**RECORDS SUPPLIED:**
══════
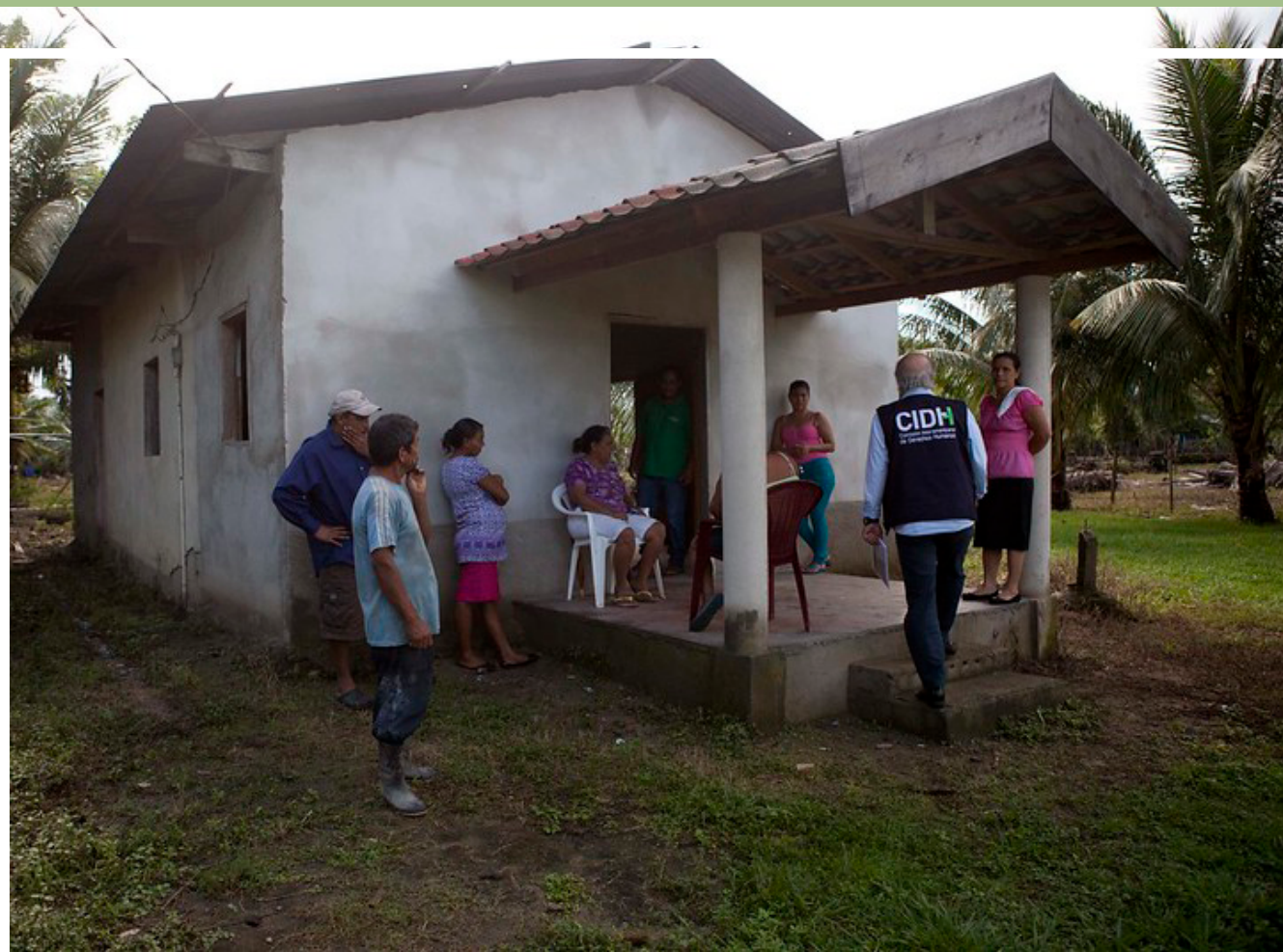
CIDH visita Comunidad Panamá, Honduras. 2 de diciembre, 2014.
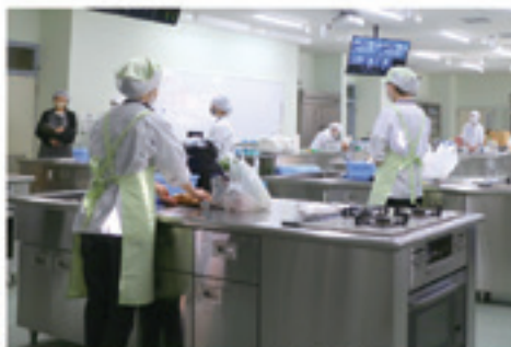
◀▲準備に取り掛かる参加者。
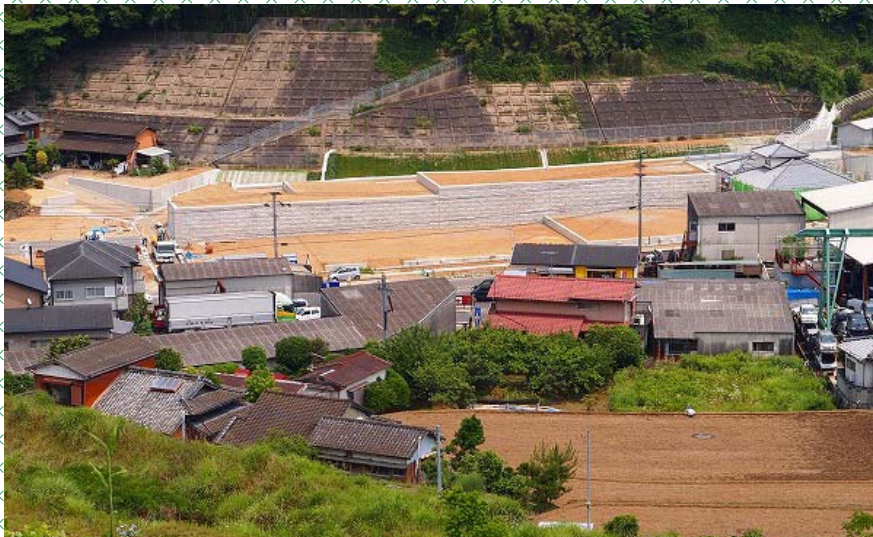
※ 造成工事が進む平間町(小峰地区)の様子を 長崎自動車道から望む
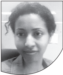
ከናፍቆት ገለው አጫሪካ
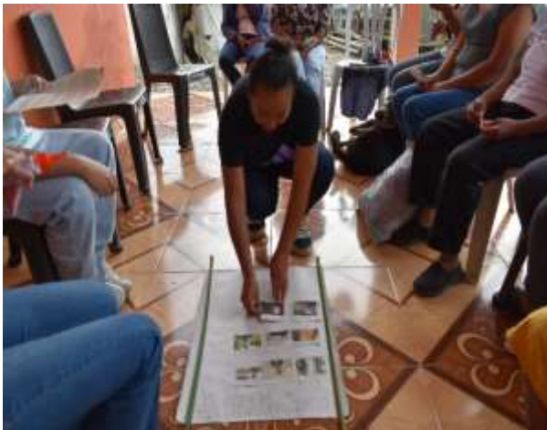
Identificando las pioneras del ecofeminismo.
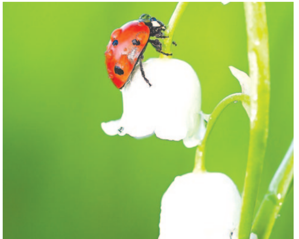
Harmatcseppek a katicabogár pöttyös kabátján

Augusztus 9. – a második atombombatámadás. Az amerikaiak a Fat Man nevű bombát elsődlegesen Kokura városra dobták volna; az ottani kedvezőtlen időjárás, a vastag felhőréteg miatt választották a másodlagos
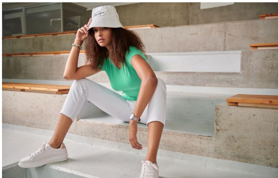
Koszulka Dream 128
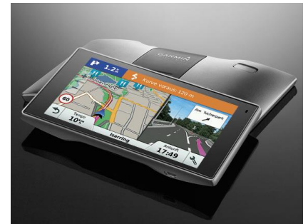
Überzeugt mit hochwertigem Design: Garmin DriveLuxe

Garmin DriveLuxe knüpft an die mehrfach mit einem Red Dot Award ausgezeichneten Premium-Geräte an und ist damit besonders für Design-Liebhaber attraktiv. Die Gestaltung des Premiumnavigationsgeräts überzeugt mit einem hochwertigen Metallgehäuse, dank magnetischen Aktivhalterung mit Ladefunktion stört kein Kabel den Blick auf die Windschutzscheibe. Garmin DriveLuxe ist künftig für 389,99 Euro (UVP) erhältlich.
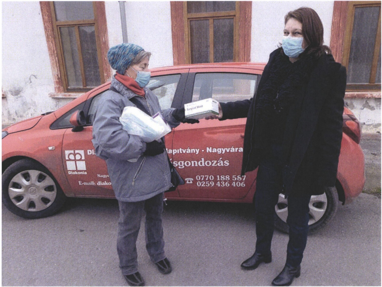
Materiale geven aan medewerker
══════
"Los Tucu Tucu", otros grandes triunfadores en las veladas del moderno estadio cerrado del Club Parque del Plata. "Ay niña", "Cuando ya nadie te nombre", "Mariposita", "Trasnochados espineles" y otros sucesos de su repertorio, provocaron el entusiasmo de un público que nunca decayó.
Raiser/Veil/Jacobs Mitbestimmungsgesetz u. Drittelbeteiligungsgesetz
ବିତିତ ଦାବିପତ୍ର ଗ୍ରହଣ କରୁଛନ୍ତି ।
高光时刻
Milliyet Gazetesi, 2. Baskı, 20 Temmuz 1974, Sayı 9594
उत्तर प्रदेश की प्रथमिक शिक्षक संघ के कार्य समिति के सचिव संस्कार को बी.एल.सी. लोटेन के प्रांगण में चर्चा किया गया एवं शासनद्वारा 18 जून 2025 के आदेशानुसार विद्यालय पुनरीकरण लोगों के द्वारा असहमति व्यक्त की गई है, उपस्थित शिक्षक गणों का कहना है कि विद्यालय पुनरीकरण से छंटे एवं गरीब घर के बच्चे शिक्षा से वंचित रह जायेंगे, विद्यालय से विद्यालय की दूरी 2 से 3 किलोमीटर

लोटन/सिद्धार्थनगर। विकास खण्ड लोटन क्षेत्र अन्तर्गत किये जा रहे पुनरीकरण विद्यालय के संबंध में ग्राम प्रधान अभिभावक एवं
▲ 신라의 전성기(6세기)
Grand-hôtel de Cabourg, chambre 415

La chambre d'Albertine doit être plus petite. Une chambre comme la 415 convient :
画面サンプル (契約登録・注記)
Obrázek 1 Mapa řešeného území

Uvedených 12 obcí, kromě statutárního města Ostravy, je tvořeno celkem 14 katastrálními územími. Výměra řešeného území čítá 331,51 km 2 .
══════
**ABOUT THIS TASK:** Every line above with the string "Design" in it needs to be copied.

**COMPLETED EXERCISE:**
Überzeugt mit hochwertigem Design: Garmin DriveLuxe
Garmin DriveLuxe knüpft an die mehrfach mit einem Red Dot Award ausgezeichneten Premium-Geräte an und ist damit besonders für Design-Liebhaber attraktiv. Die Gestaltung des Premiumnavigationsgeräts überzeugt mit einem hochwertigen Metallgehäuse, dank magnetischen Aktivhalterung mit Ladefunktion stört kein Kabel den Blick auf die Windschutzscheibe. Garmin DriveLuxe ist künftig für 389,99 Euro (UVP) erhältlich.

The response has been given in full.